### EXERCISE REQUIREMENTS
In your copy, reproduce each entry exactly and include no picture.

Records from a data collection:
====================

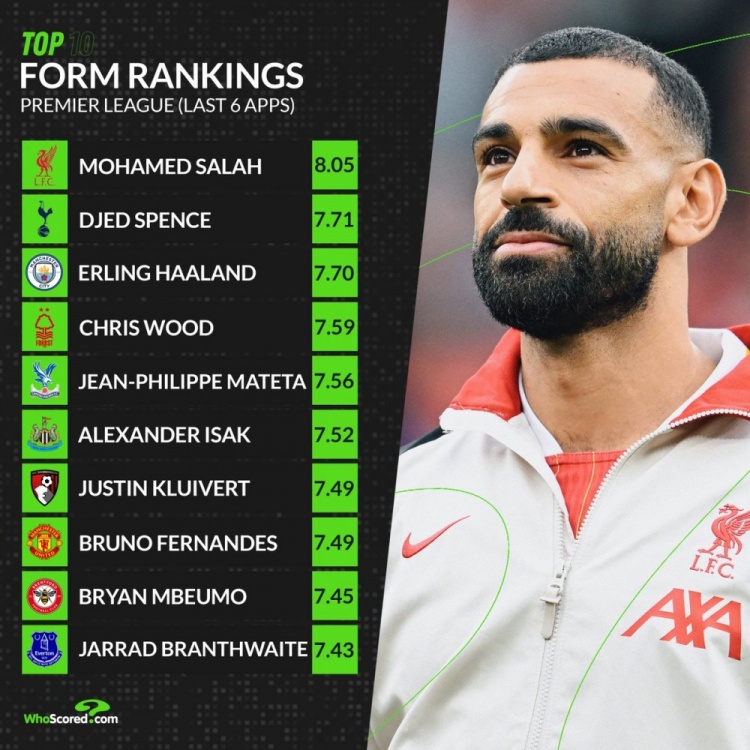 2025-02-26 08:05:12英超近期狀態榜:薩拉赫獨自領跑,斯賓塞、哈蘭德、B費在列
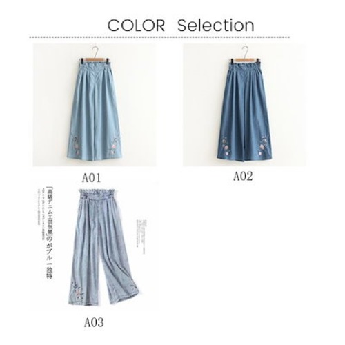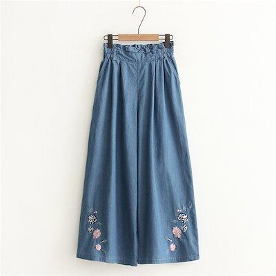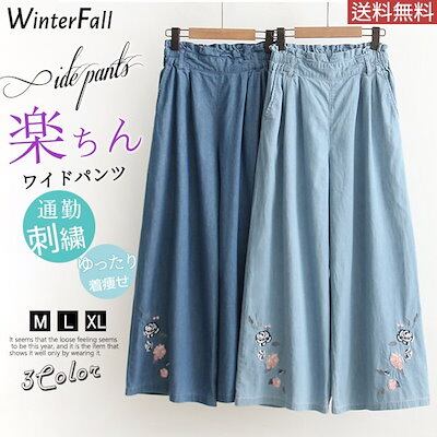 送料無料!ワイドパンツ レディース オシャレ 着痩せ 体型カーバ ウエストゴム タックパンツ デニム 刺繍 ゆったり 美ライン 薄手 通勤通学 楽ちん
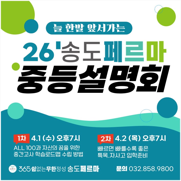 송도와 연수구지역 초등부터 고등까지 수학, 과학, 국어, 영어 멀티플렉스 교육그룹 송도페르마학원입니다. 송도중등수학학원 송도페르마는 오는 4월 초, 모두 두 차례에 걸쳐 지역의 중등 학부모님을 위한 설명회를 준비했습니다. 오랜 시간 송도지역에서 수학·과학과목을 중심으로 특목.자사고 입시전문학원으로 자리 매김하며, 시기마다 꼭 필요한 입시 정보를 전달해드리고자 꾸준히 이어온 자리의 연장선 입니다. 이번 설명회 역시 단순한 정보 전달을 넘어, 실제 진학 결과와 변화하는 입시 흐름을 함께 짚어보는 시간으로 구성하였습니다. 이틀 연속 이어지는 설명회의 첫번째 순서는 4월 1일 수요일 저녁 7시에 개최됩니다. 첫날 설명회....... <img src="https://blogthumb.pstatic.net/MjAyNjAzMThfMjQy/MDAxNzczODM1ODg0NjYy.4b9i6qM6fYH-QRSuod6Kgy6W0MQmmtzhMRsCemQHvN4g.68qTkr2Ke6KMR4qewdKIKH5yTIPAvNABZpG6V5S-vFgg.JPEG/%BC%DB%B5%B5%C1%DF%B5%EE%BC%F6%C7%D0%C7%D0%BF%F8.jpg?type=s3" />
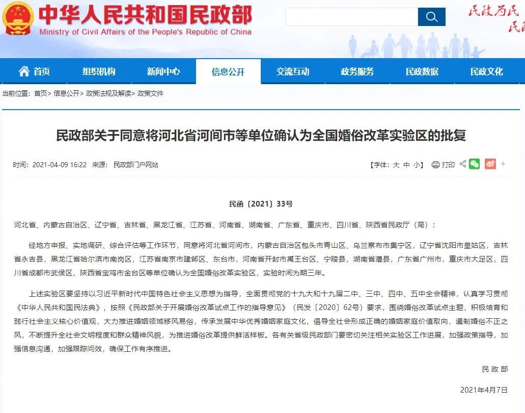 【全国婚俗改革实验区出炉 宝鸡市金台区在列】4月9日,民政部网站发布《民政部关于同意将河北省河间市等单位确认为全国婚俗改革实验区的批复》,经地方申报、实地调研、综合评估等工作环节,同意陕西省宝鸡市金台区等单位确认为全国婚俗改革实验区,实验时间为期三年。
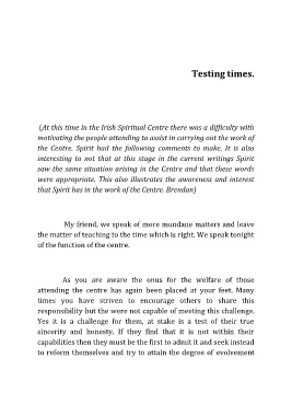 (At this time in the Irish Spiritual Centre there was a difficulty with
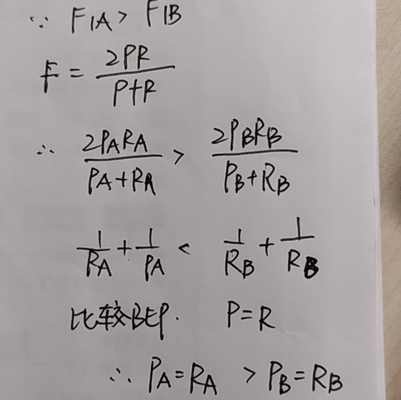 3.若学习器A 的F1 值比学习器B 高,试析A 的BEP 值是否也比B 高.
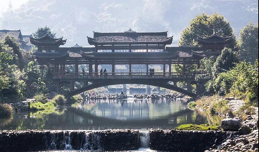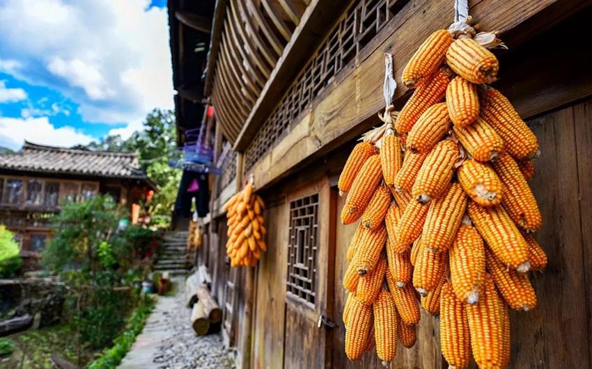 郎德是一处比较安逸的苗寨,2008年奥运圣火走过的地方,保留了很多原生态气息,四面群山环抱,茂林修竹,衬托着古香古色的吊脚楼,蜿蜒的鹅卵石路在屋檐间时隐时现,房屋上还挂有玉米串,很有古香古色的味道。寨中道路、院坝及各户门庭,都用鹅卵石或青石镶砌铺就。
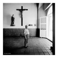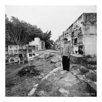 Aseador sepulturero Gumersindo Castellanos. Lérida, Colombia Fruit dels programes de cooperació de l’Ajuntament de Lleida amb el municipi colombià de Lérida (Tolima, Colòmbia), l’any 1997 el fotògraf Toni Prim viatja, juntament amb autoritats locals, empresaris i periodistes, a aquesta petita comunitat colombiana per inaugurar la Casa de la Cultura. D’aquella estada sorgeix un reportatge fotogràfic, a mig camí entre el costumisme i la crònica gràfica, que Toni Prim publica en el llibre Lérida. La germana, amb textos de Joan Cal, Josep Ramón Correal i el mateix Toni Prim (Ajuntament de Lleida, 1999). Gumersindo Castellanos és un “aseador sepulturero”, més que un enterramorts. Ell s’encarrega, efectivament, d’excavar i preparar les tombes, nínxols i panteons, però també cuida dels difunts i assisteix a les inhumacions i exhumacions. Gumersindo representa el respecte per la cultura de la mort en una comunitat rural com Lérida, és l’enllaç entre els món dels morts i els vius. I fa la seva feina amb el màxim respecte i compostura. Francesc Gabarrell -
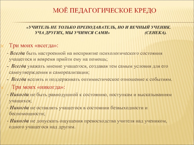 - Никогда не быть равнодушной к состоянию, поступкам и высказываниям учащихся;
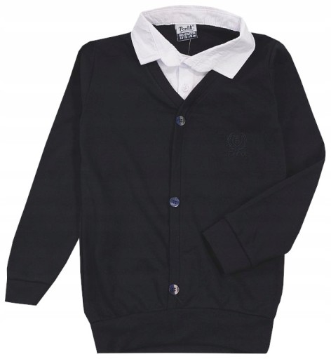 Koszula, a właściwie sam kołnierzyk w kolorze białym, kardigan granatowy, doszyty, nierozpinany ! Guziki tylko na ozdobę. wykończony ściągaczami, na łokciach ozdobne łaty, a na piersi haft.
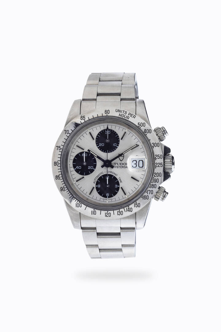 Cassa in acciaio con fondello, corona e tasti della cronografia a vite e marchiati Rolex. Lunetta tachimetrica in acciaio. Quadrante argento di grande qualità con indici geometrici applicati e contatori a contrasto neri che indicano rispettivamente ad ore 9 i secondi continui, al 12 i 30 minuti ed al 6 le 12 ore. Presente datario al 3. Bracciale in acciaio “Oyster” integrato con chiusura clasp.

====================

### SOLUTION TO THE PROBLEM
 2025-02-26 08:05:12英超近期狀態榜:薩拉赫獨自領跑,斯賓塞、哈蘭德、B費在列
 送料無料!ワイドパンツ レディース オシャレ 着痩せ 体型カーバ ウエストゴム タックパンツ デニム 刺繍 ゆったり 美ライン 薄手 通勤通学 楽ちん
 송도와 연수구지역 초등부터 고등까지 수학, 과학, 국어, 영어 멀티플렉스 교육그룹 송도페르마학원입니다. 송도중등수학학원 송도페르마는 오는 4월 초, 모두 두 차례에 걸쳐 지역의 중등 학부모님을 위한 설명회를 준비했습니다. 오랜 시간 송도지역에서 수학·과학과목을 중심으로 특목.자사고 입시전문학원으로 자리 매김하며, 시기마다 꼭 필요한 입시 정보를 전달해드리고자 꾸준히 이어온 자리의 연장선 입니다. 이번 설명회 역시 단순한 정보 전달을 넘어, 실제 진학 결과와 변화하는 입시 흐름을 함께 짚어보는 시간으로 구성하였습니다. 이틀 연속 이어지는 설명회의 첫번째 순서는 4월 1일 수요일 저녁 7시에 개최됩니다. 첫날 설명회....... <img src="https://blogthumb.pstatic.net/MjAyNjAzMThfMjQy/MDAxNzczODM1ODg0NjYy.4b9i6qM6fYH-QRSuod6Kgy6W0MQmmtzhMRsCemQHvN4g.68qTkr2Ke6KMR4qewdKIKH5yTIPAvNABZpG6V5S-vFgg.JPEG/%BC%DB%B5%B5%C1%DF%B5%EE%BC%F6%C7%D0%C7%D0%BF%F8.jpg?type=s3" />
 【全国婚俗改革实验区出炉 宝鸡市金台区在列】4月9日,民政部网站发布《民政部关于同意将河北省河间市等单位确认为全国婚俗改革实验区的批复》,经地方申报、实地调研、综合评估等工作环节,同意陕西省宝鸡市金台区等单位确认为全国婚俗改革实验区,实验时间为期三年。
 (At this time in the Irish Spiritual Centre there was a difficulty with
 3.若学习器A 的F1 值比学习器B 高,试析A 的BEP 值是否也比B 高.
 郎德是一处比较安逸的苗寨,2008年奥运圣火走过的地方,保留了很多原生态气息,四面群山环抱,茂林修竹,衬托着古香古色的吊脚楼,蜿蜒的鹅卵石路在屋檐间时隐时现,房屋上还挂有玉米串,很有古香古色的味道。寨中道路、院坝及各户门庭,都用鹅卵石或青石镶砌铺就。
 Aseador sepulturero Gumersindo Castellanos. Lérida, Colombia Fruit dels programes de cooperació de l’Ajuntament de Lleida amb el municipi colombià de Lérida (Tolima, Colòmbia), l’any 1997 el fotògraf Toni Prim viatja, juntament amb autoritats locals, empresaris i periodistes, a aquesta petita comunitat colombiana per inaugurar la Casa de la Cultura. D’aquella estada sorgeix un reportatge fotogràfic, a mig camí entre el costumisme i la crònica gràfica, que Toni Prim publica en el llibre Lérida. La germana, amb textos de Joan Cal, Josep Ramón Correal i el mateix Toni Prim (Ajuntament de Lleida, 1999). Gumersindo Castellanos és un “aseador sepulturero”, més que un enterramorts. Ell s’encarrega, efectivament, d’excavar i preparar les tombes, nínxols i panteons, però també cuida dels difunts i assisteix a les inhumacions i exhumacions. Gumersindo representa el respecte per la cultura de la mort en una comunitat rural com Lérida, és l’enllaç entre els món dels morts i els vius. I fa la seva feina amb el màxim respecte i compostura. Francesc Gabarrell -
 - Никогда не быть равнодушной к состоянию, поступкам и высказываниям учащихся;
 Koszula, a właściwie sam kołnierzyk w kolorze białym, kardigan granatowy, doszyty, nierozpinany ! Guziki tylko na ozdobę. wykończony ściągaczami, na łokciach ozdobne łaty, a na piersi haft.
 Cassa in acciaio con fondello, corona e tasti della cronografia a vite e marchiati Rolex. Lunetta tachimetrica in acciaio. Quadrante argento di grande qualità con indici geometrici applicati e contatori a contrasto neri che indicano rispettivamente ad ore 9 i secondi continui, al 12 i 30 minuti ed al 6 le 12 ore. Presente datario al 3. Bracciale in acciaio “Oyster” integrato con chiusura clasp.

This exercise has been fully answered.